#### Data supplied

....

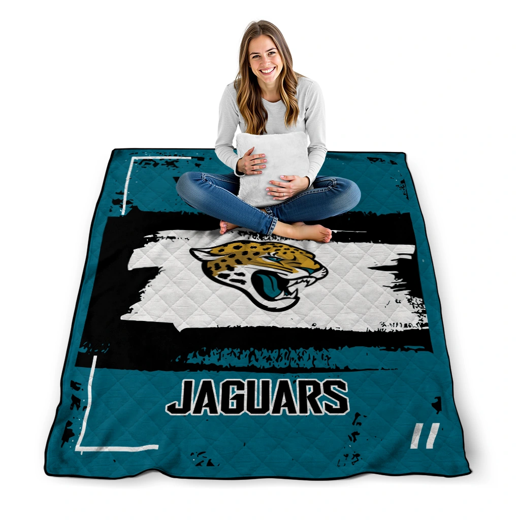 The Custom Jacksonville Jaguars Grunge Patch Teal White Quilt Blanket is more than a blanket—it’s everyday comfort, thoughtfully made. Crafted from premium quilting fabric with a soft microfiber touch, it offers a smooth hand-feel and lasting coziness. Layered quilting with a cotton-filled core provides adaptable warmth across seasons while maintaining a clean, tailored look on your bed or sofa.
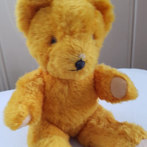 Et flott samlerobjekt med masse vintage-sjarm. Perfekt som dekor i et vintagehjem, på et barnerom, som et kosedyr eller på en samlerhylle. En skikkelig Ole Brumm - bamse!
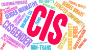 Cis słowo chmura na białym tle.
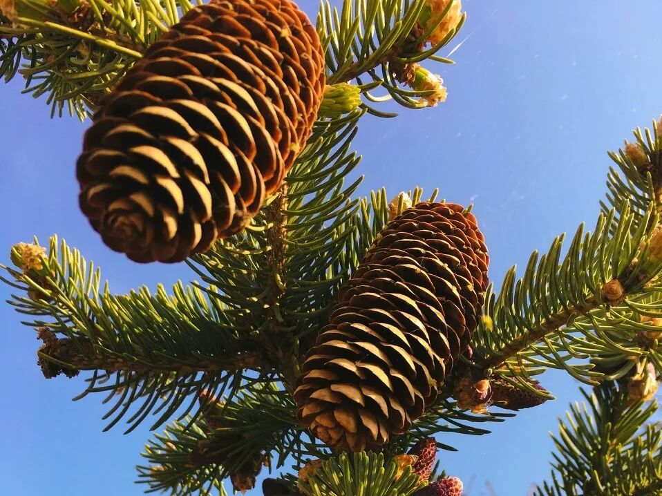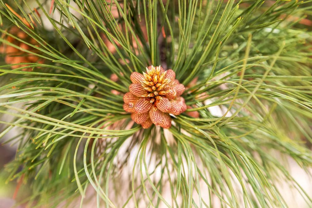 松树的针叶十分茂盛、四季常绿,很少有人会观察它开花,每种松树的花期也不同,雌雄花在一处,雌花在顶部、雄花在底部,授粉后雌花变成松塔,松塔由绿变黄,晴天张开,雨天合拢,松塔缝隙里,就是松子,成熟后可掉落。
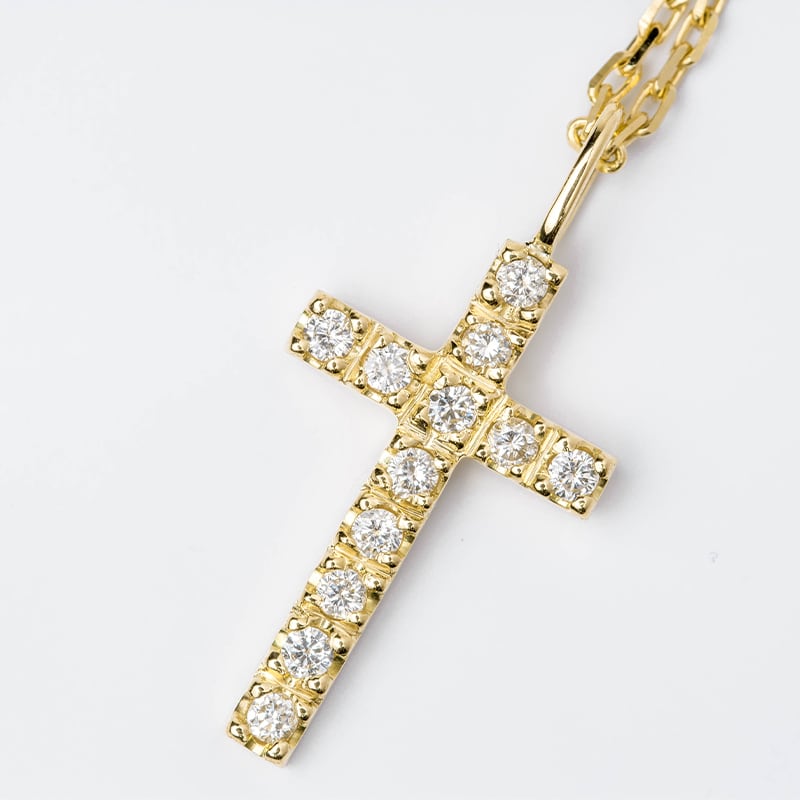 クロスにセットしているのは 輝きのきれいな12石のSIクラスダイヤ(合計0.14ct)
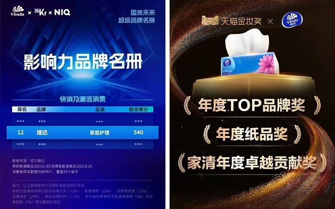 据Worldpanel《2025品牌足迹报告》显示,维达消费者触及数达4.87亿人次。与此同时,品牌还荣登尼尔森IQ×36氪“国货未来超级品牌”榜单,成为快消领域首个入选的家庭护理品牌。在今年8月的天猫金妆奖评选中,维达斩获“年度TOP品牌奖”“年度纸品奖”和“家清年度卓越贡献奖”等三项重量级荣誉,印证了其体育营销战略在商业路径的有效性。
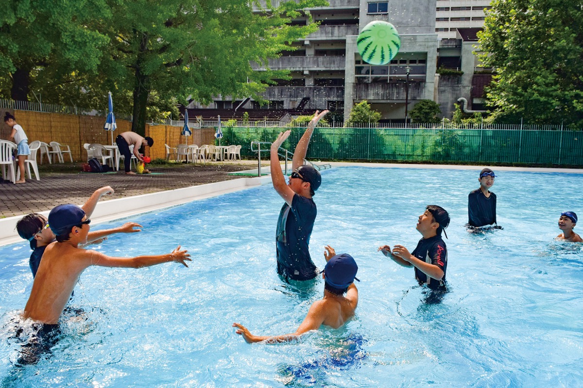 川辺公園プール(川辺町4の4)ではオープン前から周辺住民らの列ができた。グループで訪れた中学生たちは、浮き輪やビーチボールを持ち込み、楽しそうに遊んでいた=写真。平林義也さんと高井星汰さんは「水が冷たくて気持ちいい」「学校では浮き輪などを使えないから楽しい」と話した。同プールは9月1日まで。午前9時から午後6時。1時間当たり25mプール100円、子ども用プール60円。
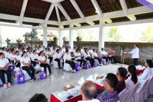 Hal tersebut disampaikan dalam kegiatan Aksi Sosial TP Posyandu Provinsi Bali “Membina dan Berbagi” di Wantilan Pura Manik Corong, Desa Sumita, dan Wantilan Balai Kanginan, Desa Babakan, Kecamatan Gianyar, Kabupaten Gianyar, Selasa (7/4) kemarin.
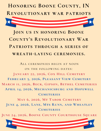 Honoring Boone County, IN Revolutionary War Patriots Wreath-Laying Ceremonies
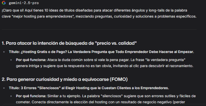 "Mi palabra clave principal es 'mejor hosting para emprendedores'. Dame 10 ideas de títulos para un post de blog que ataquen intenciones de búsqueda secundarias. Incluí preguntas comunes (long-tail keywords) y títulos que generen curiosidad. Por ejemplo, 'El error que el 90% de los emprendedores comete al elegir un hosting'."
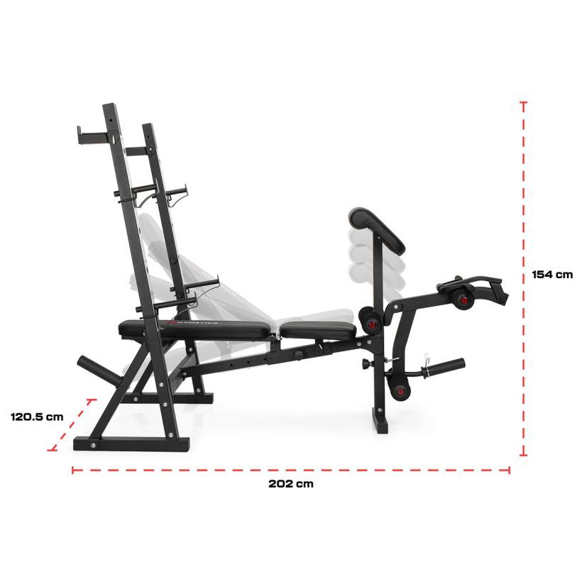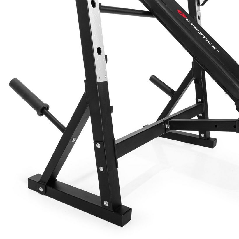 Gymstick WB8.0 on laadukas ja monipuolinen painonnostopenkki, joka on paljon enemmän kuin pelkkä treenipenkki! Penkin avulla voidaan harjoitella tehokkaasti niin penkkipunnerrusta kuin olkapäitä, sekä jalkoja, käsiä ja vatsalihaksia. Säädettävän vinopenkin lisäksi, penkki on varustettu jalkapenkillä, hauislaudalla ja kyykkytelineellä. Penkin selkänoja on säädettävissä useisiin eri kulmiin, mikä mahdollistaa harjoittelun eri kulmista. Korkeussäädettävien tankopidikkeiden ja turvarautojen avulla, harjoittelu hoituu turvallisesti. Rungon takaosasta löytyy levypainopidikkeet, sekä toiset tankopidikkeet kyykkyä varten, joissa on myöskin 2 eri korkeutta!
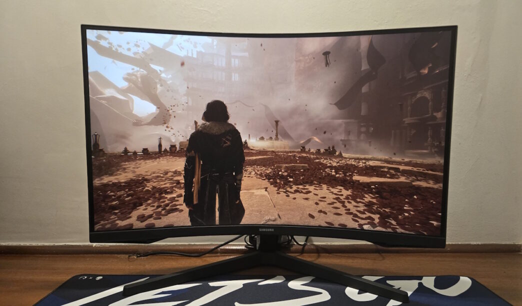 Algo que chama a atenção para o lado positivo é sua curvatura 1000R. Ela pode ser considerada um pouco mais acentuada do que a vista em outros modelos, mas que eu pessoalmente gosto por conta da imersão. Não apenas isso, ela casa bem com um modelo de 32 polegadas, sendo útil para quem não for tomar muita distância da tela poder enxergar tudo.
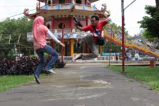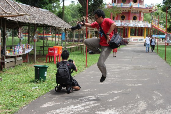 Begitu Nike mengabarkan kalau kami digratiskan ikutan jelajah musi ini, saya dengan suka cita mengosongkan jadwal kencan demi bisa ikutan program ini secara penuh. Apalagi begitu mendengar kalau hadiah pertamanya kamera Canon EOS 1100D. Tapi begitu sampai di sana dan melihat gear yang dibawa fotografer lain, saya langsung sadar diri dan memilih memaksa teman-teman saya untuk menjadi model #levitasihore dengan setting di Pulau Kemaro.
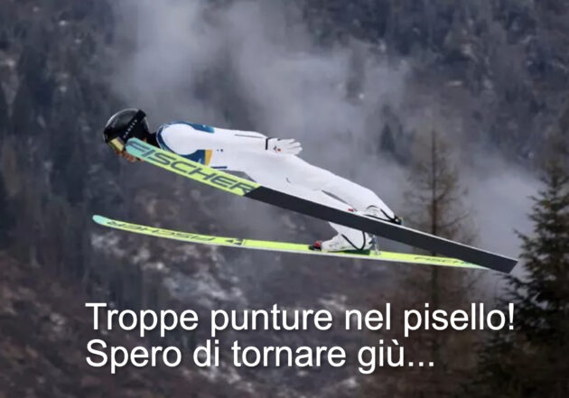 Saltatori con gli sci, acido ialuronico nel pene per aumentare aerodinamica e permanenza in aria. Spiegata la presenza di Rocco Siffredi nei cieli di Cortina. (Diego Merigo)

....

#### Assignment
Pictures do not belong in your copy; restate word for word the lines from the one containing "palabra clave principal" through the last line of the records above.

#### Output of the task
 "Mi palabra clave principal es 'mejor hosting para emprendedores'. Dame 10 ideas de títulos para un post de blog que ataquen intenciones de búsqueda secundarias. Incluí preguntas comunes (long-tail keywords) y títulos que generen curiosidad. Por ejemplo, 'El error que el 90% de los emprendedores comete al elegir un hosting'."
 Gymstick WB8.0 on laadukas ja monipuolinen painonnostopenkki, joka on paljon enemmän kuin pelkkä treenipenkki! Penkin avulla voidaan harjoitella tehokkaasti niin penkkipunnerrusta kuin olkapäitä, sekä jalkoja, käsiä ja vatsalihaksia. Säädettävän vinopenkin lisäksi, penkki on varustettu jalkapenkillä, hauislaudalla ja kyykkytelineellä. Penkin selkänoja on säädettävissä useisiin eri kulmiin, mikä mahdollistaa harjoittelun eri kulmista. Korkeussäädettävien tankopidikkeiden ja turvarautojen avulla, harjoittelu hoituu turvallisesti. Rungon takaosasta löytyy levypainopidikkeet, sekä toiset tankopidikkeet kyykkyä varten, joissa on myöskin 2 eri korkeutta!
 Algo que chama a atenção para o lado positivo é sua curvatura 1000R. Ela pode ser considerada um pouco mais acentuada do que a vista em outros modelos, mas que eu pessoalmente gosto por conta da imersão. Não apenas isso, ela casa bem com um modelo de 32 polegadas, sendo útil para quem não for tomar muita distância da tela poder enxergar tudo.
 Begitu Nike mengabarkan kalau kami digratiskan ikutan jelajah musi ini, saya dengan suka cita mengosongkan jadwal kencan demi bisa ikutan program ini secara penuh. Apalagi begitu mendengar kalau hadiah pertamanya kamera Canon EOS 1100D. Tapi begitu sampai di sana dan melihat gear yang dibawa fotografer lain, saya langsung sadar diri dan memilih memaksa teman-teman saya untuk menjadi model #levitasihore dengan setting di Pulau Kemaro.
 Saltatori con gli sci, acido ialuronico nel pene per aumentare aerodinamica e permanenza in aria. Spiegata la presenza di Rocco Siffredi nei cieli di Cortina. (Diego Merigo)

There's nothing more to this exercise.